───── SUPPLIED DATA
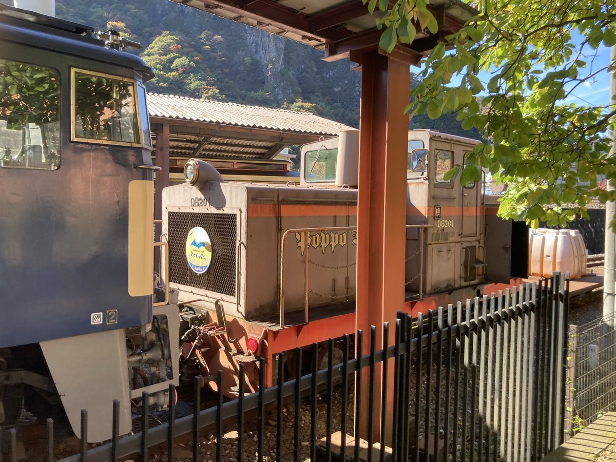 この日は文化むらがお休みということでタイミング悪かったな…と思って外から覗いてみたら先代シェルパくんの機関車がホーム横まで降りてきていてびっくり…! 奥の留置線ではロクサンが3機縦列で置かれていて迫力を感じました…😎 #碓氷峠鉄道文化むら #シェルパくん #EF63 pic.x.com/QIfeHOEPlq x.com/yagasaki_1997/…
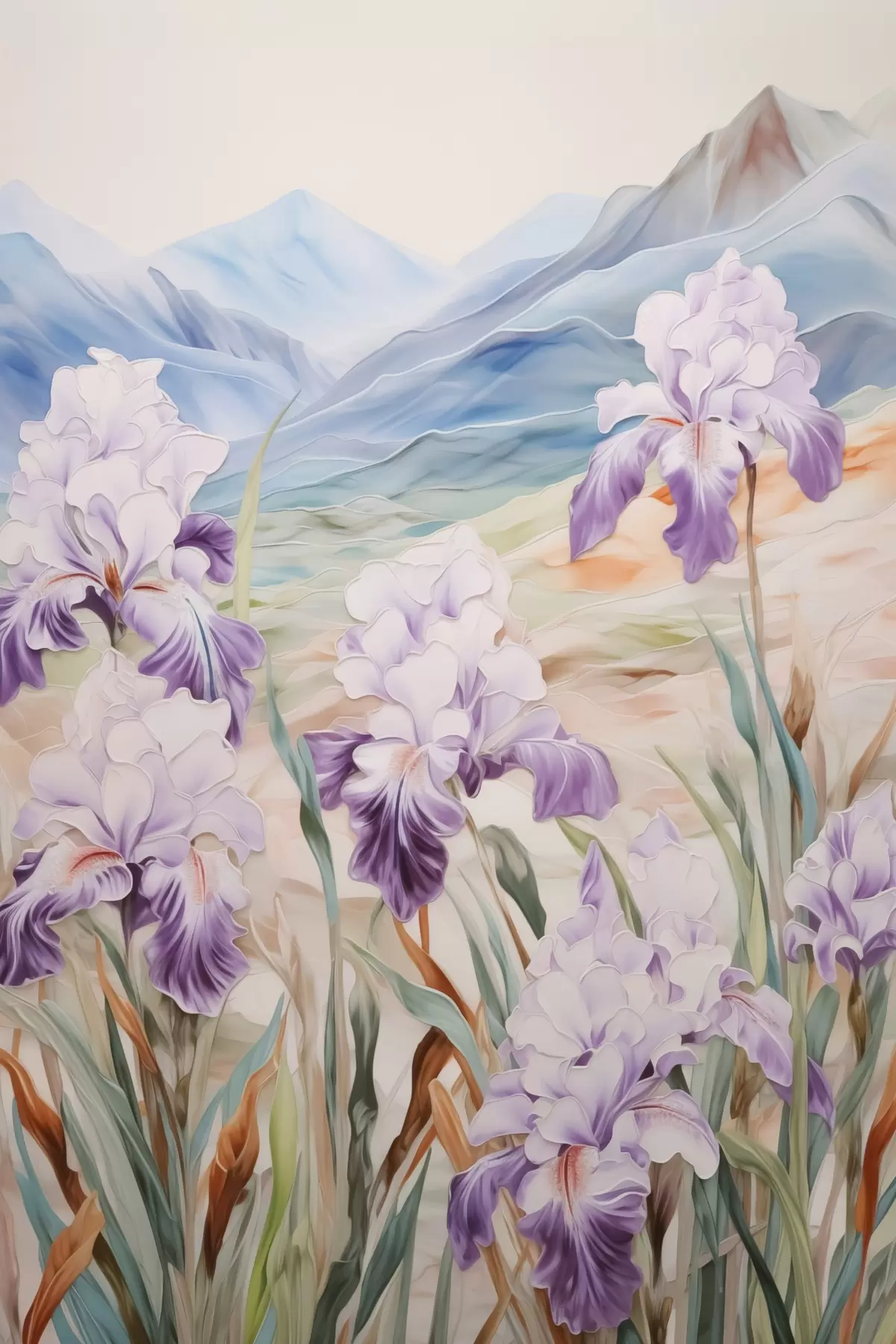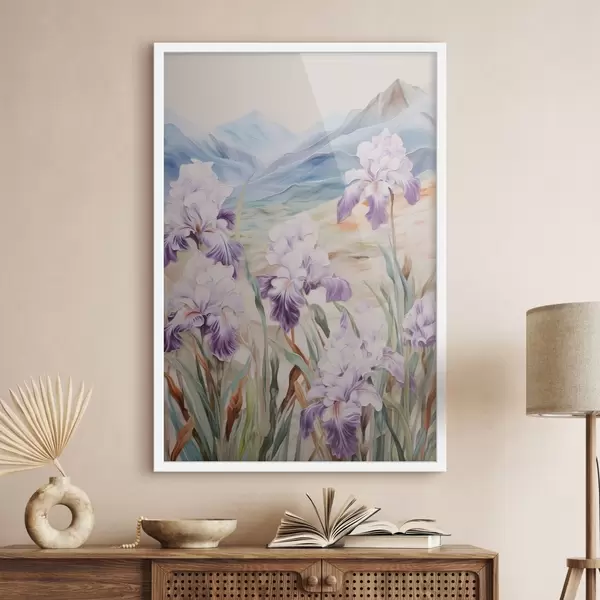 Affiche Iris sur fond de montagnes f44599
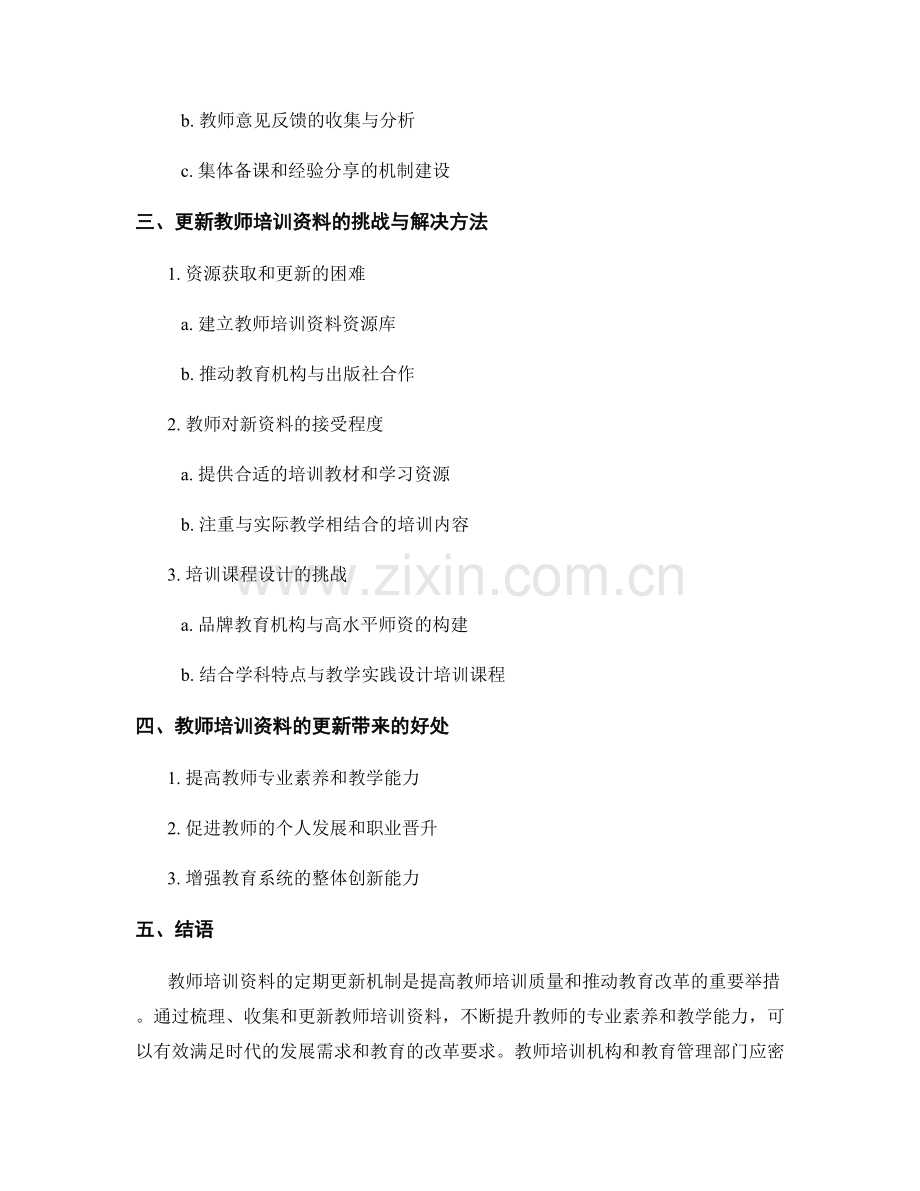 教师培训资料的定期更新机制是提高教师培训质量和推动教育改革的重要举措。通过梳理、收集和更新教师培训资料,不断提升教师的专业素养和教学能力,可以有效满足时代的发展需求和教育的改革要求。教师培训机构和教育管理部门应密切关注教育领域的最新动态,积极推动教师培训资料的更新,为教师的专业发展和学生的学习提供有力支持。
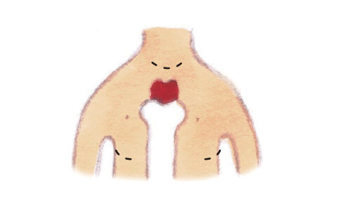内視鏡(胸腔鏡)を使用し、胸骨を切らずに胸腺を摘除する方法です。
──────────
───── SUPPLIED DATA
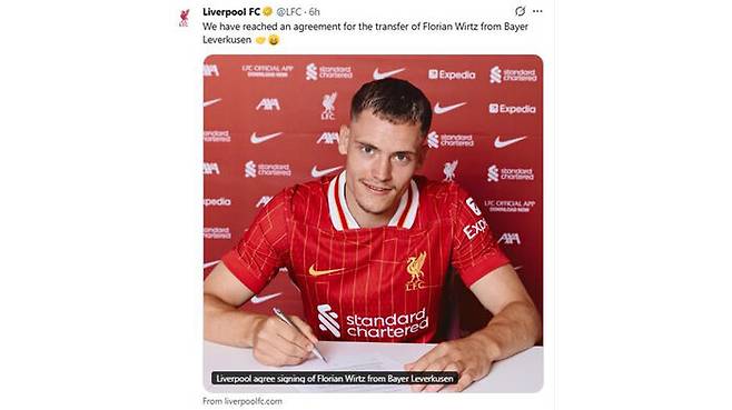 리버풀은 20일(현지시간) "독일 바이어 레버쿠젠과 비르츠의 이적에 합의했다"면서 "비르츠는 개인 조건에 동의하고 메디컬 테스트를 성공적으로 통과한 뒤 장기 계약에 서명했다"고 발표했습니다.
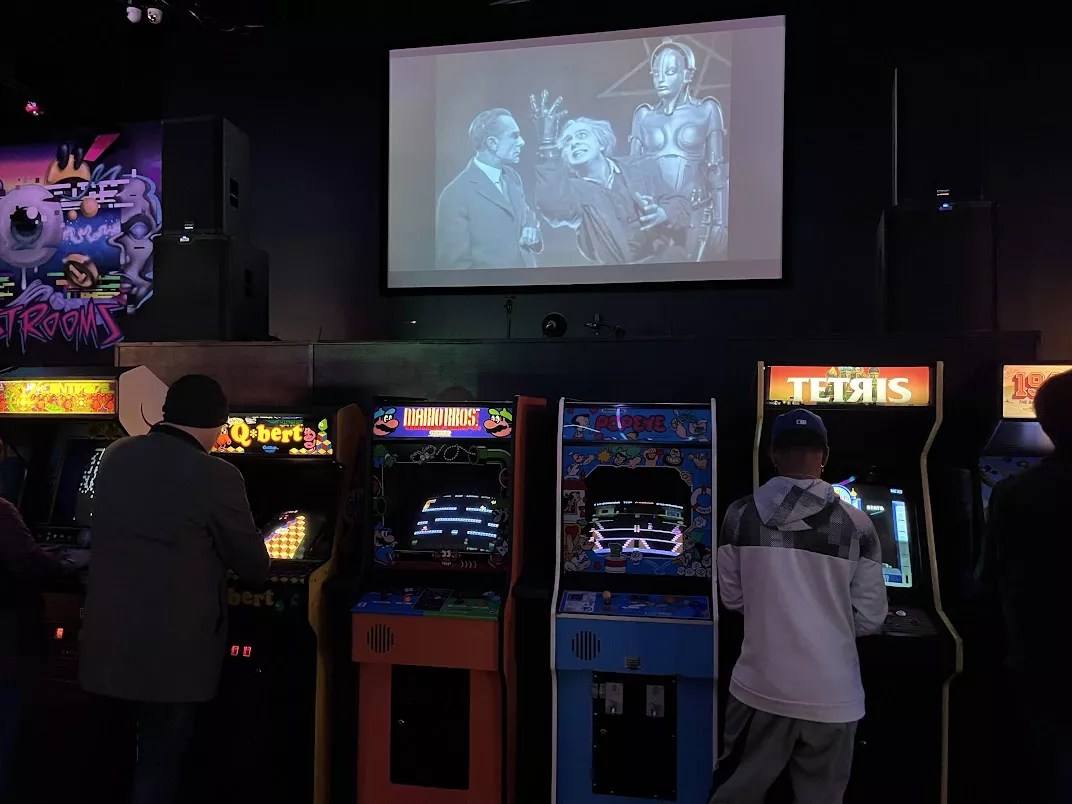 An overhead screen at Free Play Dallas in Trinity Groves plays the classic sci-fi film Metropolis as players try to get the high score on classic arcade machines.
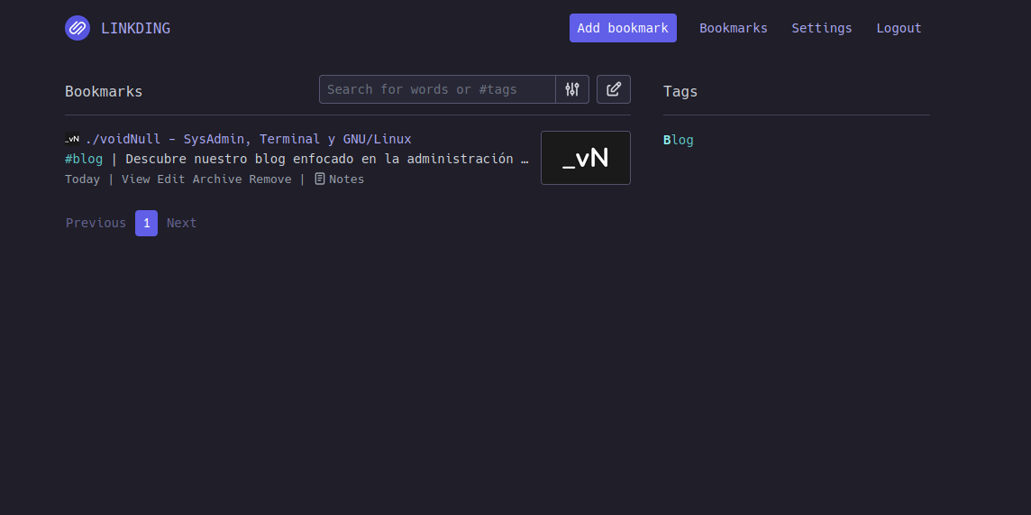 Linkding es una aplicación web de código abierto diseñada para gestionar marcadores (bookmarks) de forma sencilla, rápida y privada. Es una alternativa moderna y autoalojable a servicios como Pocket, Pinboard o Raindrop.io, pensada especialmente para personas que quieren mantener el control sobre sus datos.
──────────
▶ _WORK INSTRUCTIONS_
Output exactly those lines of the data above that run from the line with "바이어 레버쿠젠과 비르츠의" up to and including the line with "Linkding es una". No pictures go in.

▶ _TASK RESULT_
 리버풀은 20일(현지시간) "독일 바이어 레버쿠젠과 비르츠의 이적에 합의했다"면서 "비르츠는 개인 조건에 동의하고 메디컬 테스트를 성공적으로 통과한 뒤 장기 계약에 서명했다"고 발표했습니다.
 An overhead screen at Free Play Dallas in Trinity Groves plays the classic sci-fi film Metropolis as players try to get the high score on classic arcade machines.
 Linkding es una aplicación web de código abierto diseñada para gestionar marcadores (bookmarks) de forma sencilla, rápida y privada. Es una alternativa moderna y autoalojable a servicios como Pocket, Pinboard o Raindrop.io, pensada especialmente para personas que quieren mantener el control sobre sus datos.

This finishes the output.